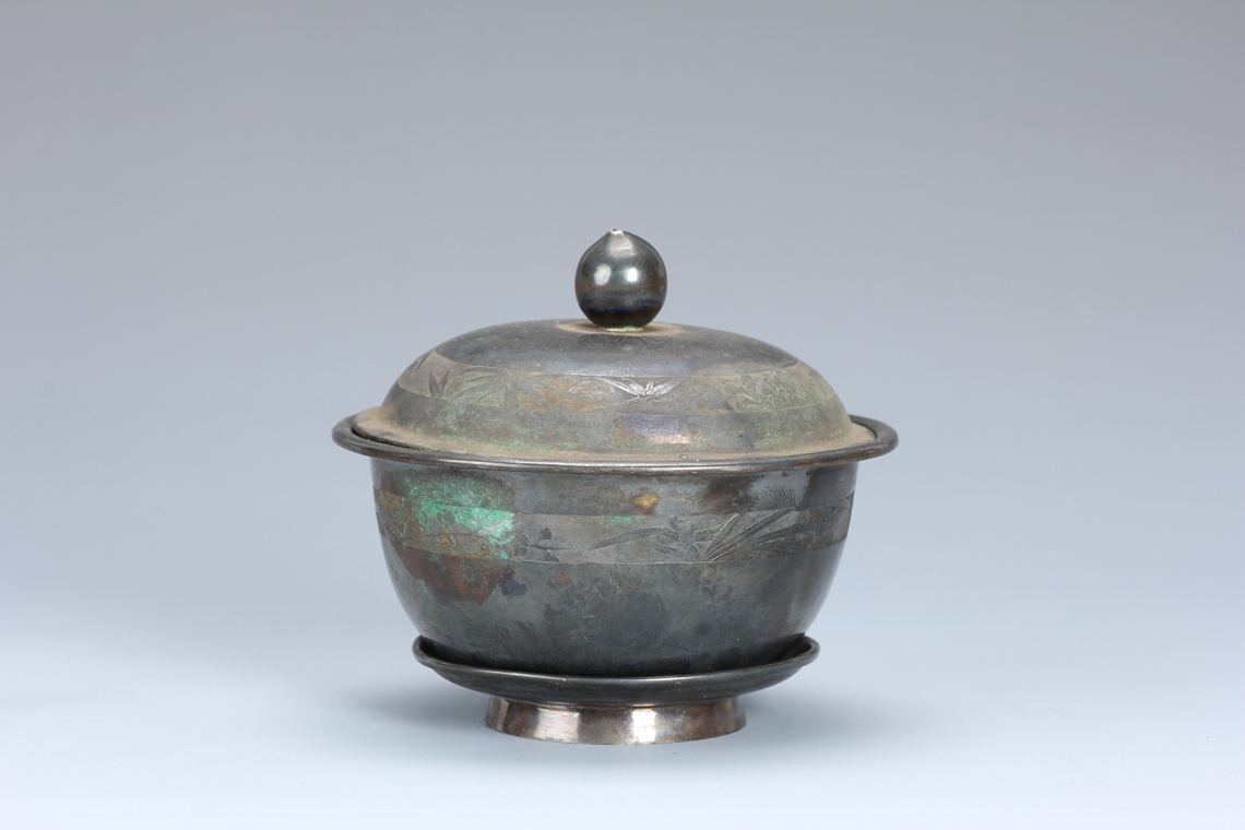 清花卉银盖碗
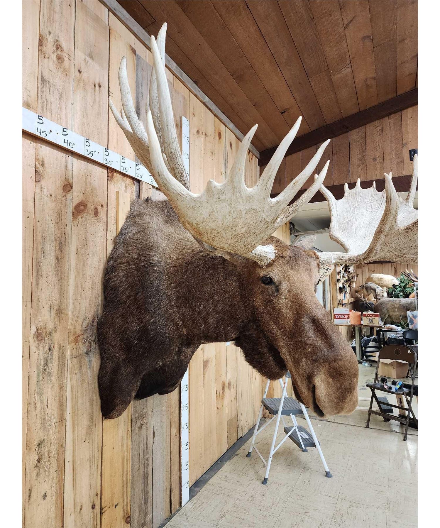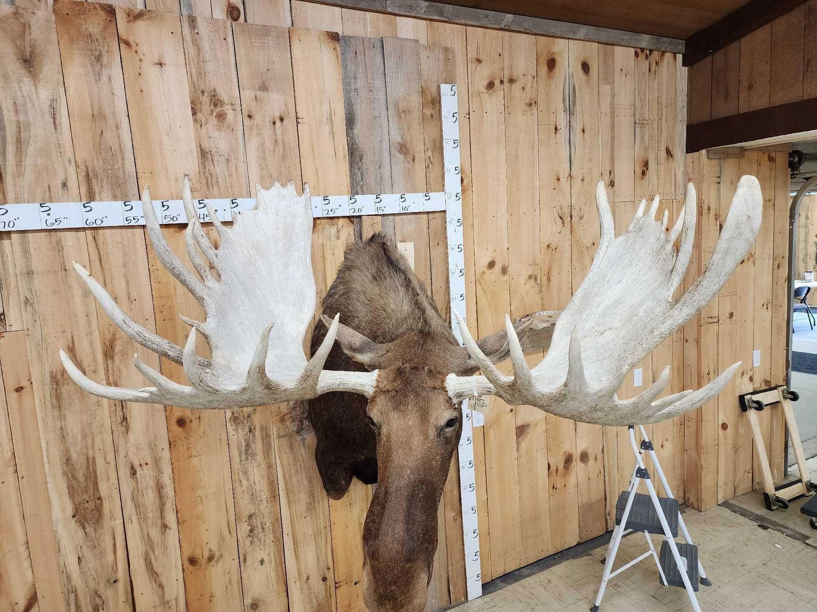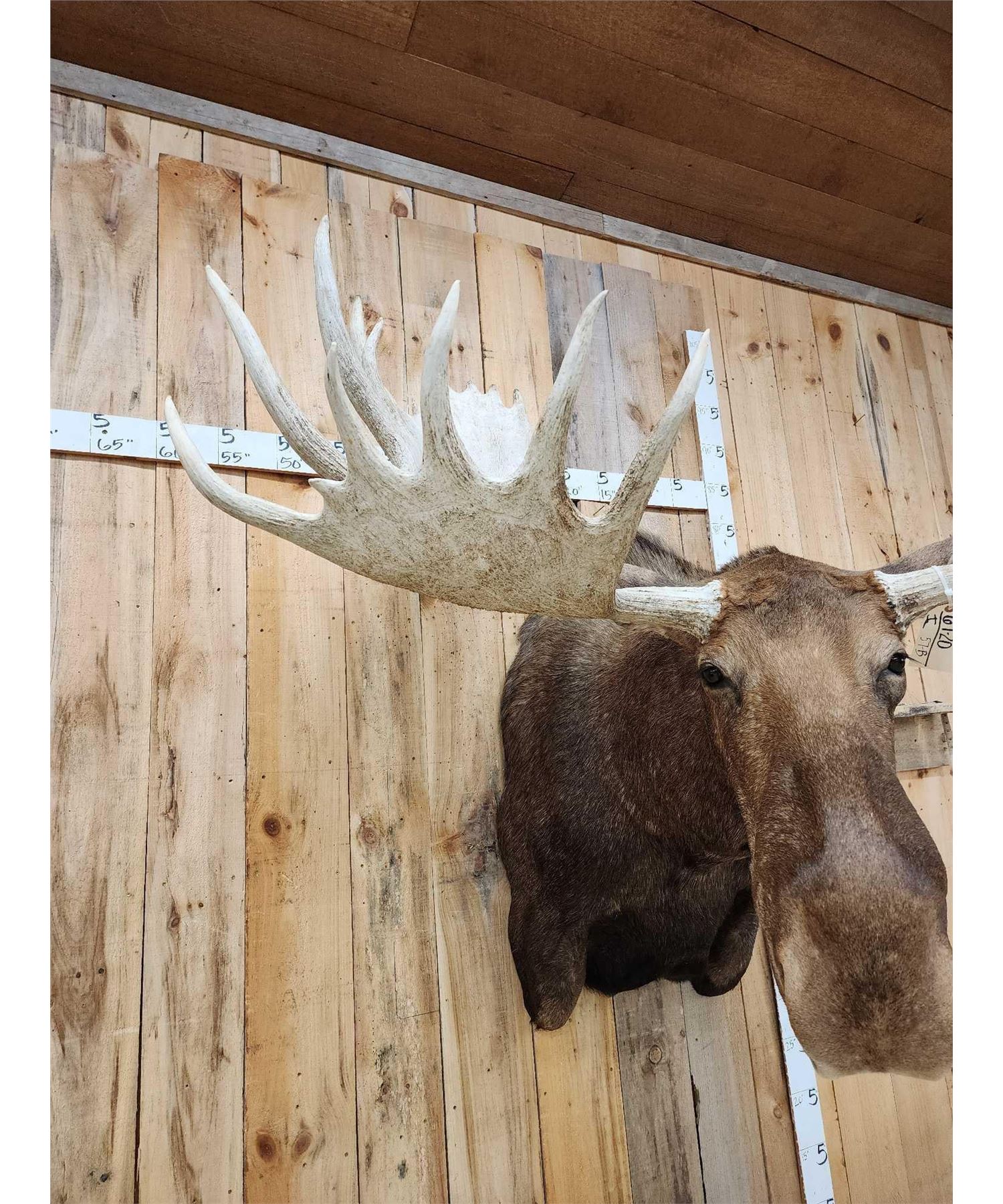 67.20 Extra nice mount great Taxidermy work huge 32 point Antlers giant paddles giant fronts 58" outside spread big body great focal point for any room ! Overall dimensions about 58" wide x 58" tall x 69" out from the wall
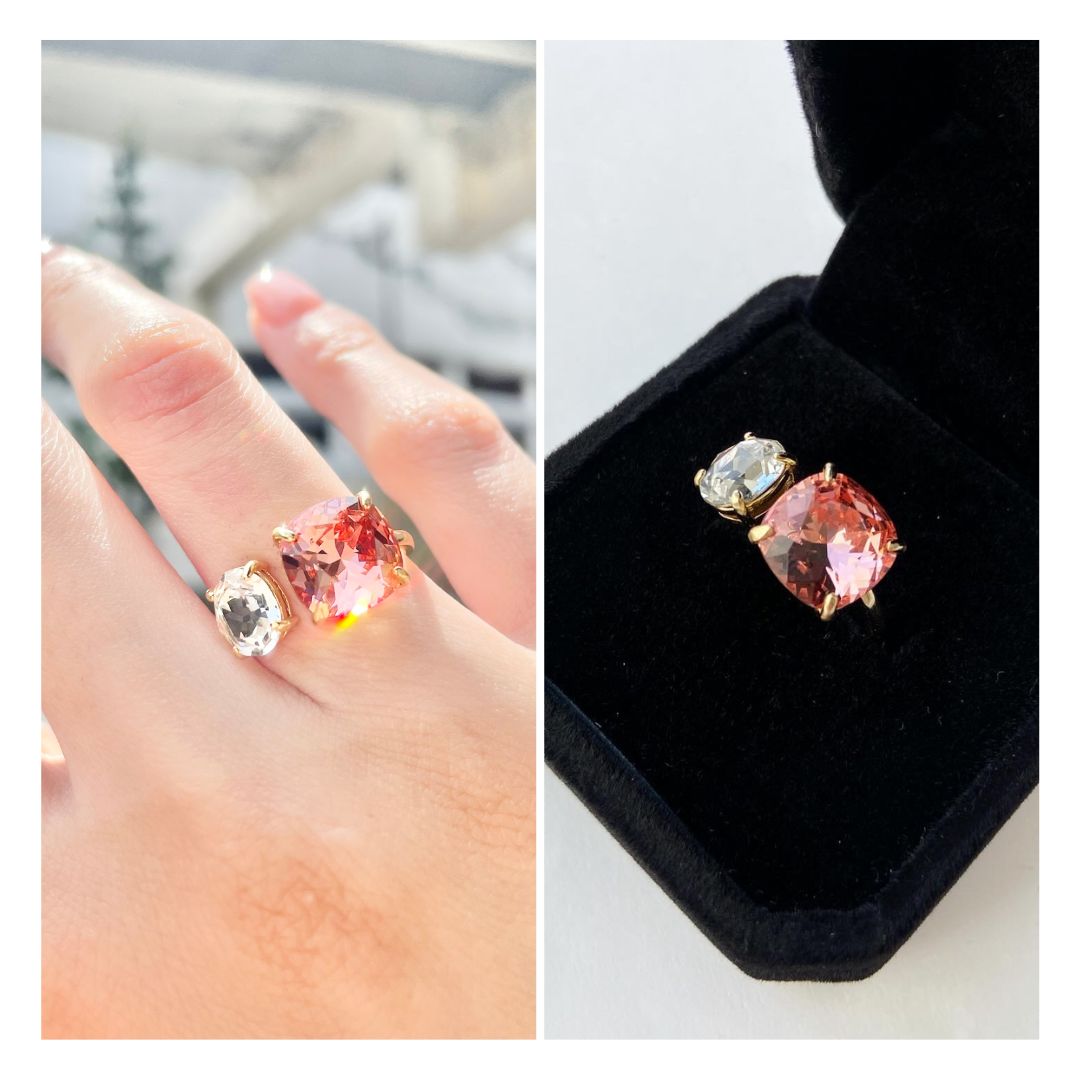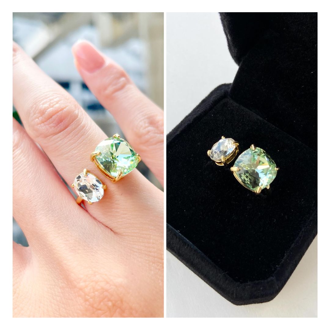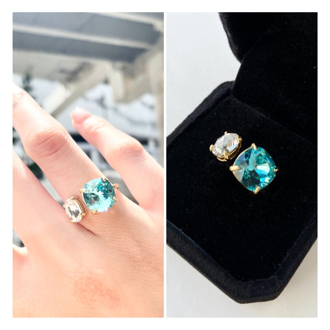 透け感のあるストーンで、身に付けていても重い印象にならず、 爽やかで着け心地の良いリングです

TASK
Would you retype each line above exactly and skip every image?

EXERCISE SOLUTION
 清花卉银盖碗
 67.20 Extra nice mount great Taxidermy work huge 32 point Antlers giant paddles giant fronts 58" outside spread big body great focal point for any room ! Overall dimensions about 58" wide x 58" tall x 69" out from the wall
 透け感のあるストーンで、身に付けていても重い印象にならず、 爽やかで着け心地の良いリングです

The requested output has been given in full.